TASK DESCRIPTION
Beginning with the first line, retype exactly the records below up to and including the line with "Het scherm filtert"; pictures do not belong in the copy.

____ PROVIDED RECORDS

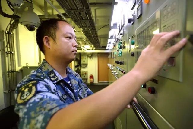 晚上10点,电工兵彭银在检查舰艇电站的运行参数。作为舰艇的电力心脏,这里为全舰的武器装备供电、配电。彭银笑着说,他们电工兵是在“用1500转的激情、50赫兹的梦想,传递380伏的正能量”。(贾岩岩摄)
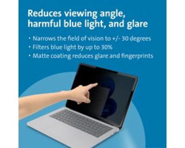 Het scherm filtert het zicht tot een kijkhoek van ongeveer ± 30°, waardoor mensen naast jou of achter je veel minder kunnen meekijken. Bovendien vermindert het schadelijk blauw licht en weerkaatsing, wat zorgt voor een comfortabelere en gezondere kijkervaring tijdens lange werkdagen. Met dit privacyfilter werk je dus niet alleen veiliger, maar ook prettiger.
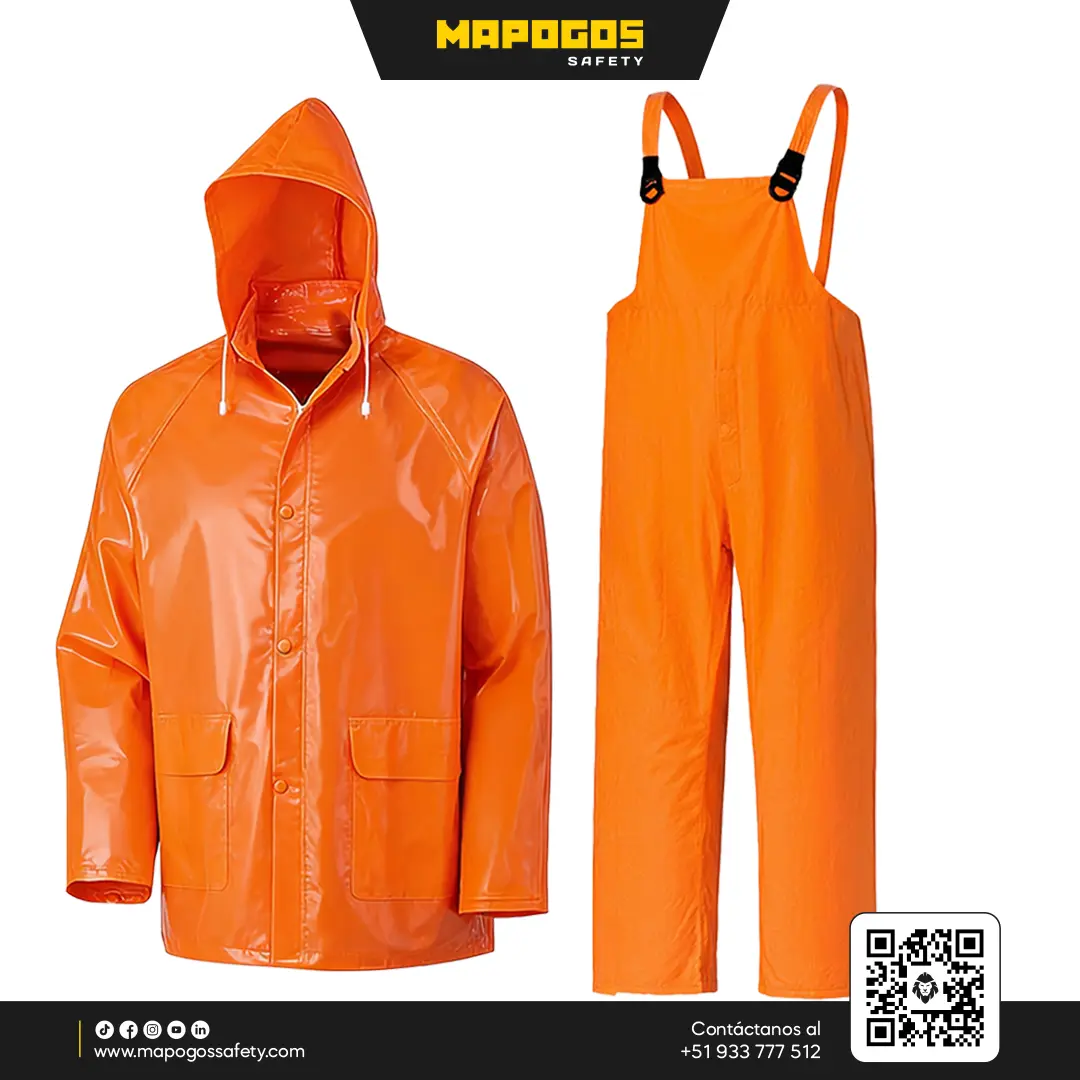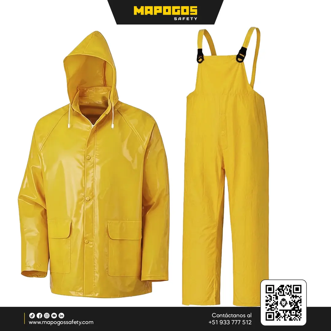 Fabricado con una base de poliéster virgen recubierta por ambas caras con láminas de PVC de 0.32 mm, este conjunto de chaqueta y jardinera (overol) destaca por sus costuras selladas mediante electrofrecuencia. Su diseño integra un sistema de ventilación estratégica y un espesor optimizado para resistir el desgarro sin comprometer la movilidad del usuario.
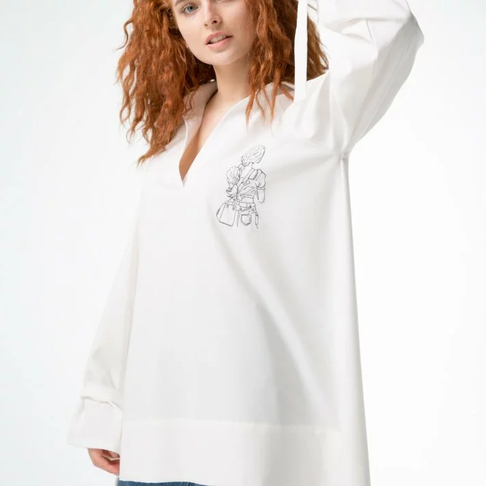 грудях стильна вишивка. Блуза виконана з натурального тіару.
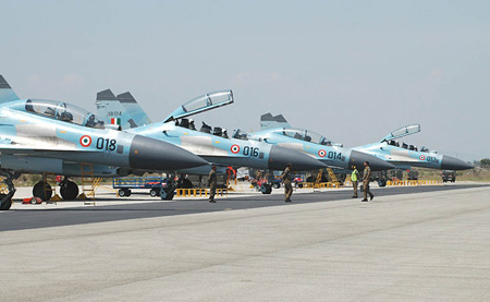 印度空軍蘇-30MK戰(zhàn)機群整齊停放在高原機場上(資料圖)
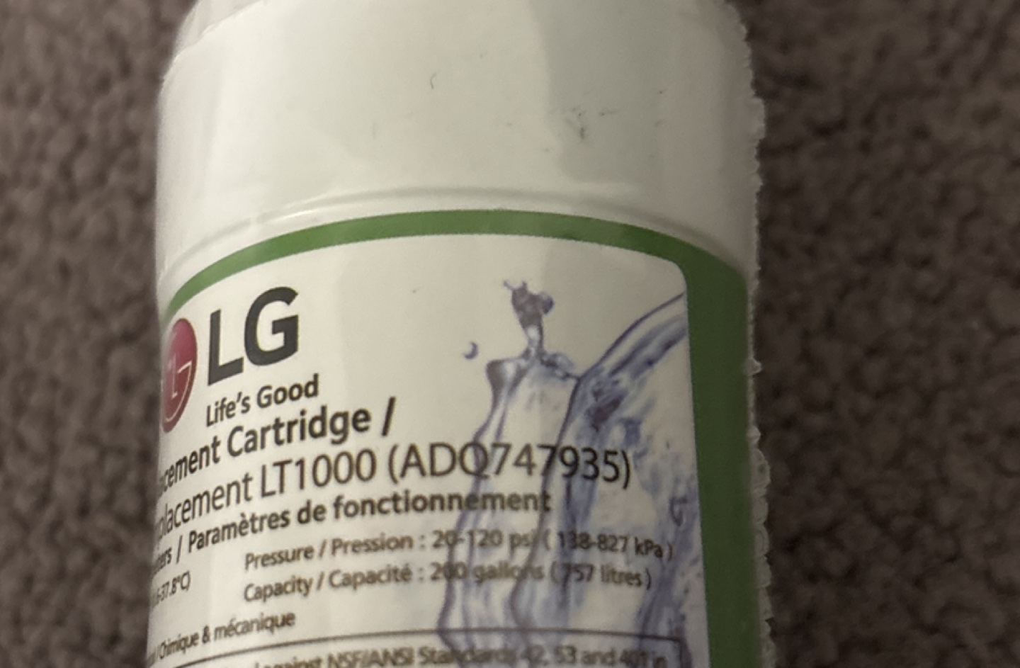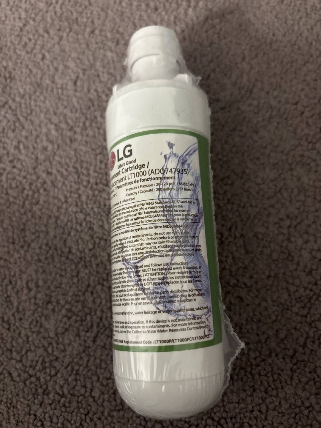 New LG refrigerator water filter cartridge. Model LT1000, part number ADQ747935. Filters 200 gallons of water. Pressure 20-120 psi.
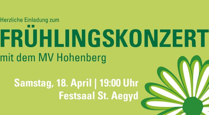 Aktuelle Beiträge Karten Frühlingskonzert 2026 30. März 2026 Lena Wir laden zum Frühlingskonzert 2026 am 18. April um 19:00 Uhr im Festsaal St. Aegyd. Kartenverkauf
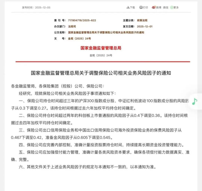 下午3点40分许,国家金融监管总局发布公告,调整保险公司投资相关股票的风险因子。
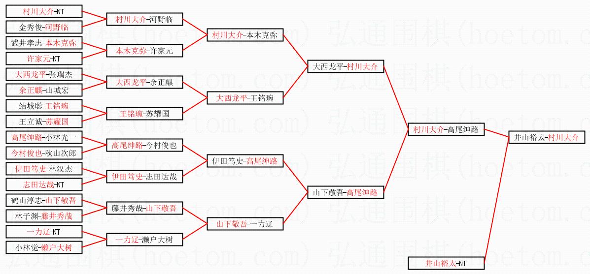 | 1.村川大介获得冠军,井山裕太获得亚军。决赛比分:村川大介3:1井山裕太。棋局: | ||

________

OUTPUT
 晚上10点,电工兵彭银在检查舰艇电站的运行参数。作为舰艇的电力心脏,这里为全舰的武器装备供电、配电。彭银笑着说,他们电工兵是在“用1500转的激情、50赫兹的梦想,传递380伏的正能量”。(贾岩岩摄)
 Het scherm filtert het zicht tot een kijkhoek van ongeveer ± 30°, waardoor mensen naast jou of achter je veel minder kunnen meekijken. Bovendien vermindert het schadelijk blauw licht en weerkaatsing, wat zorgt voor een comfortabelere en gezondere kijkervaring tijdens lange werkdagen. Met dit privacyfilter werk je dus niet alleen veiliger, maar ook prettiger.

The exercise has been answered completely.